AI may help on supply, but its effect is still uncertain

  • The Bank of England has found only nascent evidence that AI-exposed sectors may be seeing fewer job openings.
  • Greene does not see strong evidence yet that AI is materially reshaping the labor market.
  • But she sees AI as a possible positive supply shock that could eventually improve productivity.
  • The timing, however, is highly uncertain, and the BOE has not built a major AI assumption into its near-term productivity outlook.

Monetary Policy, Mortgages, and Spillovers

UK mortgage structure changes transmission

  • Compared with the US, UK mortgage rates reset more frequently, mostly on 2-year or 5-year fixes.
  • That means interest rate changes tend to transmit more quickly into the real economy.
  • But Greene notes that even as rates have started to fall, many households still face higher debt-servicing costs as older mortgages roll over.

US policy still matters a lot for the UK

  • Greene says UK financial conditions are significantly influenced by the US Treasury market.
  • In practice, US inflation data and even US payrolls can affect UK markets.
  • Spillovers from the US and Eurozone are a major part of the BOE’s thinking, especially because the UK cannot control those external conditions.

Fiscal Policy and Gilt Markets

Fiscal policy matters, but the BOE focuses on its mandate

  • Greene says the BOE takes fiscal policy as given based on what is legislated.
  • She does not think debt-service costs are yet creating a major fiscal dominance problem.
  • Rising gilt yields matter primarily because they tighten financial conditions, not because coupon payments themselves are creating inflation.

Bond markets are important, but not always right

  • Greene says markets are sometimes efficient and sometimes wrong.
  • The BOE has a function that regularly talks to investors to understand:
    • their positioning,
    • their expectations for policy,
    • and what they think about the BOE’s next move.

A Shift in How Central Banks Think

We are already in a new era of central banking

  • Greene argues central banking has changed fundamentally because policymakers face:
    • repeated negative supply shocks,
    • higher uncertainty,
    • and more frequent geopolitical and climate-related disruptions.
  • She says the old rule of simply “looking through” supply shocks is less useful when shocks arrive wave after wave.
  • The future of monetary policy, in her view, is more about:
    • scenario analysis,
    • risk management,
    • and judging how bad policy mistakes could be under different states of the world.

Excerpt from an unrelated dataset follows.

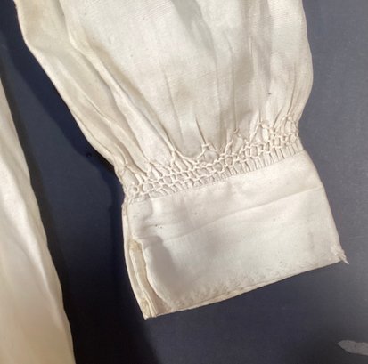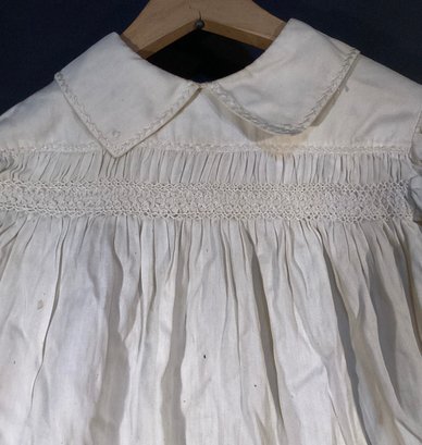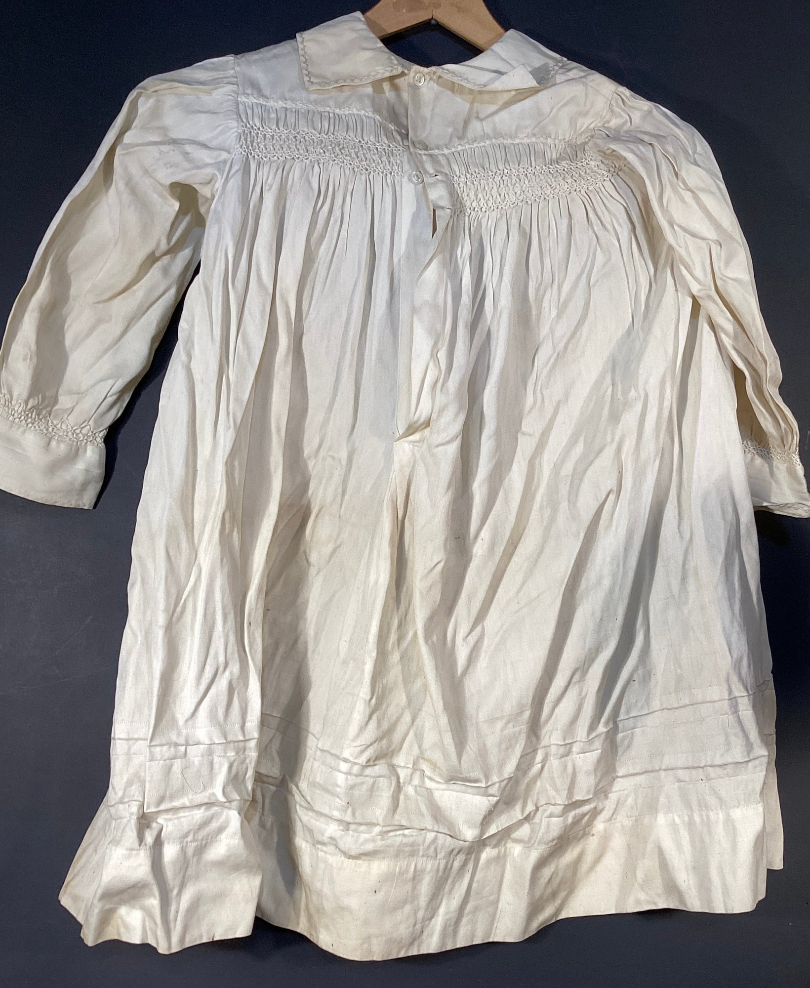Here we have a handmade child’s cotton dress with buttons on the back of the garment, and has smocked details on the front of the dress and cuffs.

Central banks are not the right tool for fixing supply problems

  • Greene is clear that central banks do not have the right tools to solve supply-side issues directly.
  • Structural problems like productivity, regulation, housing supply, and industrial capacity are largely matters for elected governments, not independent central banks.
  • She suggests there may be a need for more creative policy thinking, but that doesn’t necessarily mean central banks should take over those responsibilities.

Notable Insights

  • “We’re no longer at a point where we can just say one day we might have these shocks happen — we’re already there.”
  • “The real kicker is second-round effects.”
  • “In an age of this much uncertainty, you need to stop thinking only in point forecasts and start thinking in scenarios.”
  • Greene’s core message: inflation risk is still tilted to the upside, even if growth looks weak.

Bottom Line

This episode is a deep dive into how the Bank of England is responding to a world where inflation is driven less by demand and more by repeated supply shocks. Megan Greene argues that the UK remains vulnerable to inflation persistence, especially through energy prices and second-round effects, and that monetary policy must now operate with greater humility, uncertainty, and scenario-based thinking.